■ About this task: Please copy exactly the lines from the first in the records through the line that contains "Durante la jornada, 200", but not the pictures.

##########

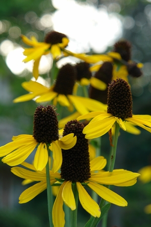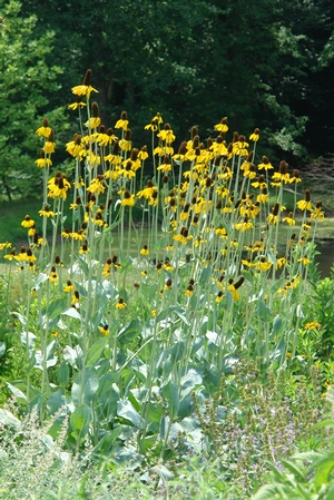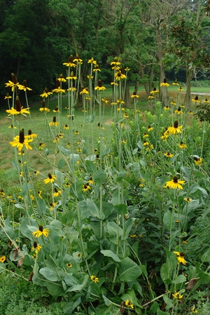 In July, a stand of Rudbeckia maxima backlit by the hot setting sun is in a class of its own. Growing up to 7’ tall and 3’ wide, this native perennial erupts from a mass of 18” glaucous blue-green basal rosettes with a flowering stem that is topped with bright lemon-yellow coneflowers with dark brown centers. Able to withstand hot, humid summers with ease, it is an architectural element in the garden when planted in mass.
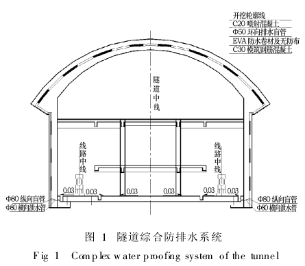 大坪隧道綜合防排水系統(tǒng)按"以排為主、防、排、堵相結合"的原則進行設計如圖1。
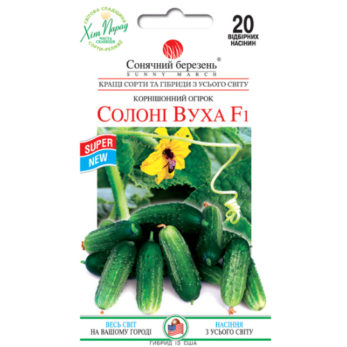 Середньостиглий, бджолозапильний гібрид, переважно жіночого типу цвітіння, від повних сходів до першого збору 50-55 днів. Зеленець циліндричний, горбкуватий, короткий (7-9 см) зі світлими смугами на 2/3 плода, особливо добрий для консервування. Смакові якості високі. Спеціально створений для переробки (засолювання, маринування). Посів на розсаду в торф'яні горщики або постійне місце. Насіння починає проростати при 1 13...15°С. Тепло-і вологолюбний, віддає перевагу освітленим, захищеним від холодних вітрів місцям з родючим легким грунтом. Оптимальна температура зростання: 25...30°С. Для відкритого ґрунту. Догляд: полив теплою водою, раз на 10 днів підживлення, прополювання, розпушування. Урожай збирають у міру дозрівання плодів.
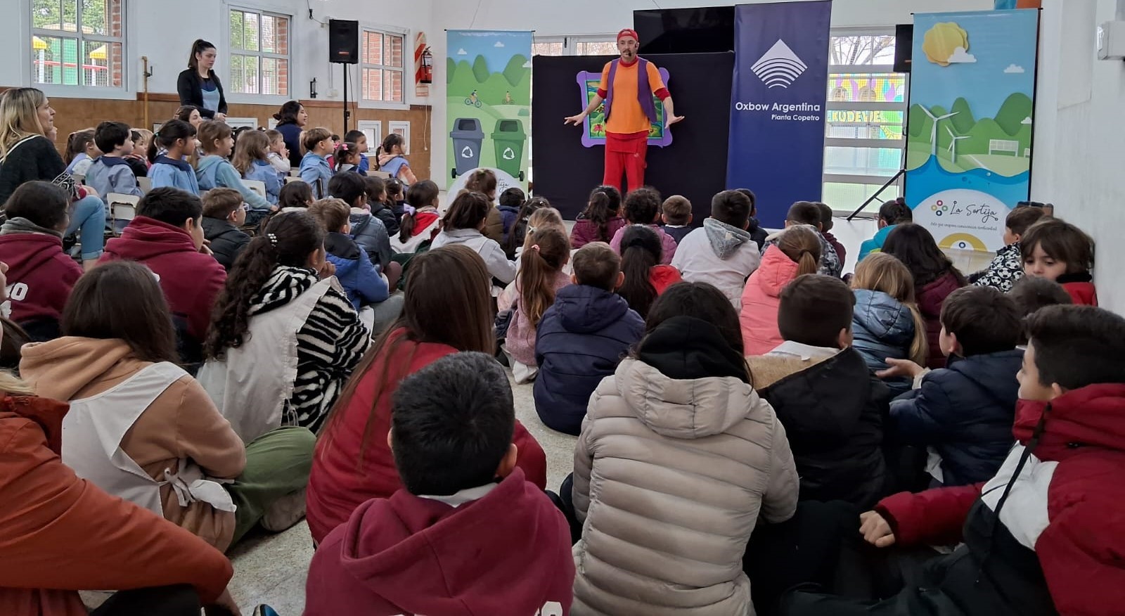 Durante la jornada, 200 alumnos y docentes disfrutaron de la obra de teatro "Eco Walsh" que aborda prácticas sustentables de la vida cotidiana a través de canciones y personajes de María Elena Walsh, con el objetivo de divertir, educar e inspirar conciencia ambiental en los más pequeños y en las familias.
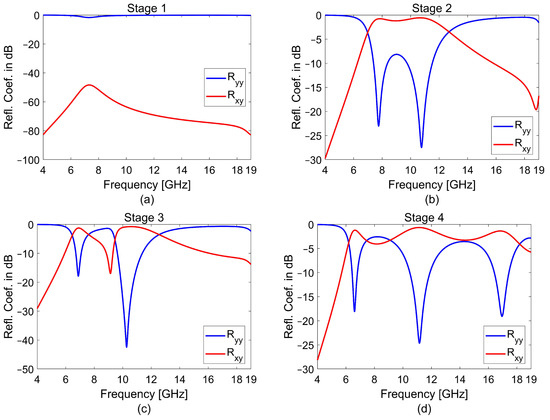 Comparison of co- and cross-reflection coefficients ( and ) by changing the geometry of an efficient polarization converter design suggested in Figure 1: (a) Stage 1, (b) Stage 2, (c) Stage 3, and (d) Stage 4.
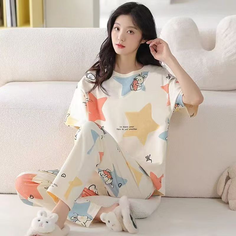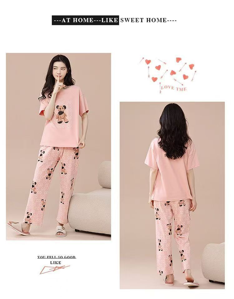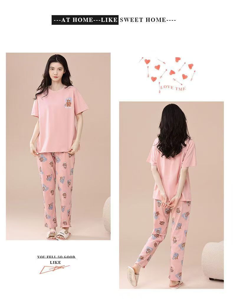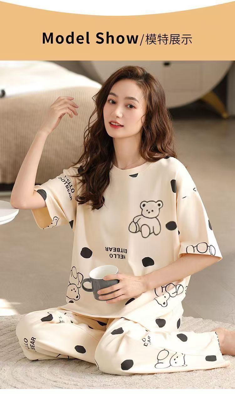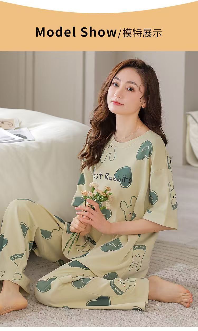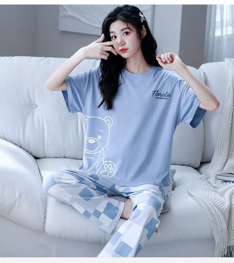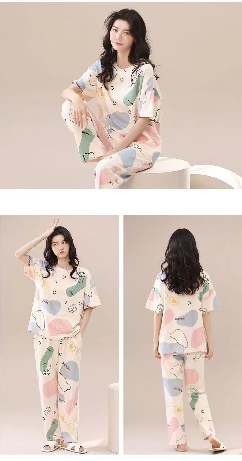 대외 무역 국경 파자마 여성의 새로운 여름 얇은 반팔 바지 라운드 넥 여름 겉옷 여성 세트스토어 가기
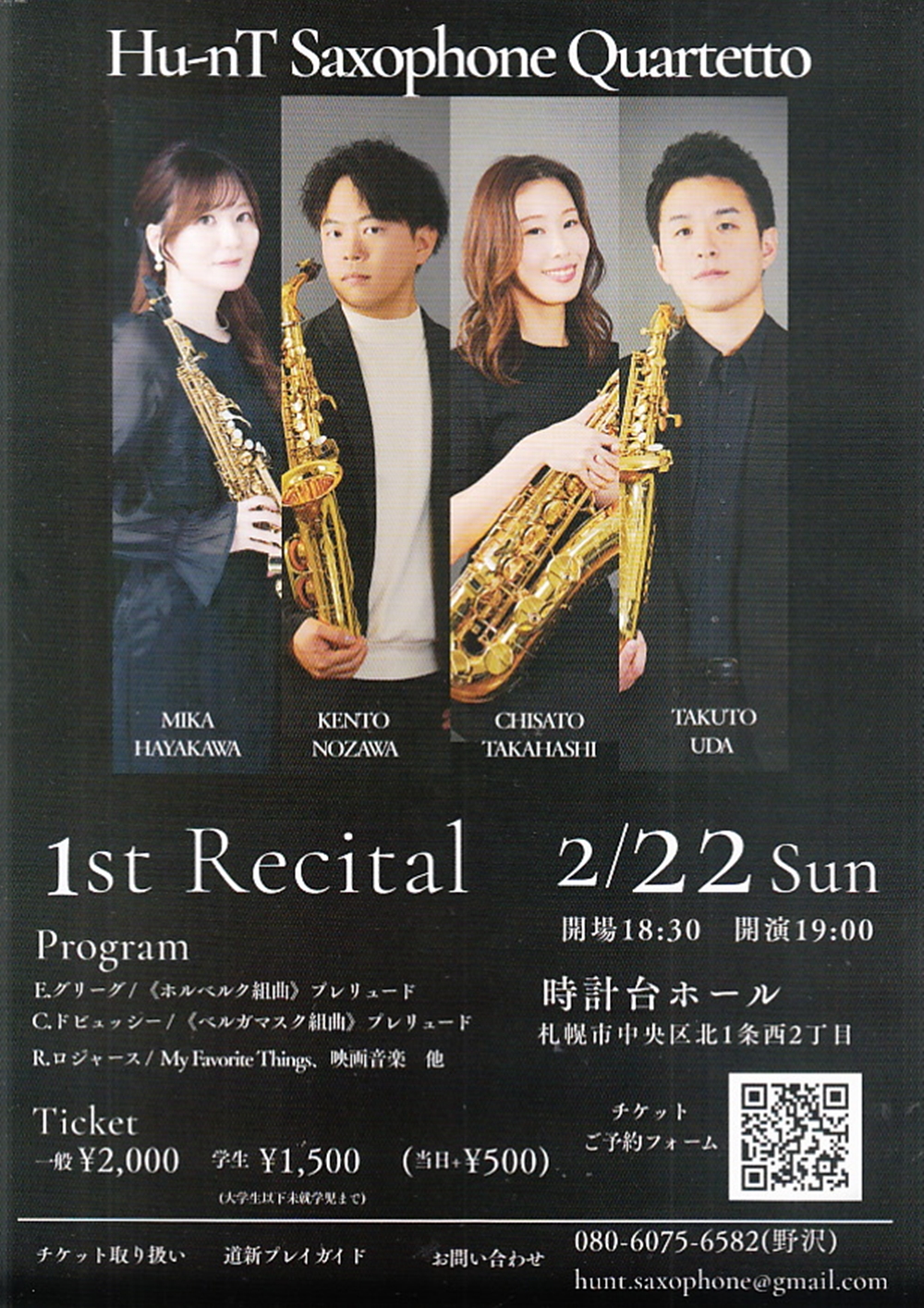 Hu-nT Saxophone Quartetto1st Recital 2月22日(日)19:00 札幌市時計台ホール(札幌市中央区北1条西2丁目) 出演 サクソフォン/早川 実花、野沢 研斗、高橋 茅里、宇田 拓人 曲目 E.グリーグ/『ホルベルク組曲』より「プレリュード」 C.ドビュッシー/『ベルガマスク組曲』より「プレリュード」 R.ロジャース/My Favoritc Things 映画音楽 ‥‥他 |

##########

■ Problem solution:
 In July, a stand of Rudbeckia maxima backlit by the hot setting sun is in a class of its own. Growing up to 7’ tall and 3’ wide, this native perennial erupts from a mass of 18” glaucous blue-green basal rosettes with a flowering stem that is topped with bright lemon-yellow coneflowers with dark brown centers. Able to withstand hot, humid summers with ease, it is an architectural element in the garden when planted in mass.
 大坪隧道綜合防排水系統(tǒng)按"以排為主、防、排、堵相結合"的原則進行設計如圖1。
 Середньостиглий, бджолозапильний гібрид, переважно жіночого типу цвітіння, від повних сходів до першого збору 50-55 днів. Зеленець циліндричний, горбкуватий, короткий (7-9 см) зі світлими смугами на 2/3 плода, особливо добрий для консервування. Смакові якості високі. Спеціально створений для переробки (засолювання, маринування). Посів на розсаду в торф'яні горщики або постійне місце. Насіння починає проростати при 1 13...15°С. Тепло-і вологолюбний, віддає перевагу освітленим, захищеним від холодних вітрів місцям з родючим легким грунтом. Оптимальна температура зростання: 25...30°С. Для відкритого ґрунту. Догляд: полив теплою водою, раз на 10 днів підживлення, прополювання, розпушування. Урожай збирають у міру дозрівання плодів.
 Durante la jornada, 200 alumnos y docentes disfrutaron de la obra de teatro "Eco Walsh" que aborda prácticas sustentables de la vida cotidiana a través de canciones y personajes de María Elena Walsh, con el objetivo de divertir, educar e inspirar conciencia ambiental en los más pequeños y en las familias.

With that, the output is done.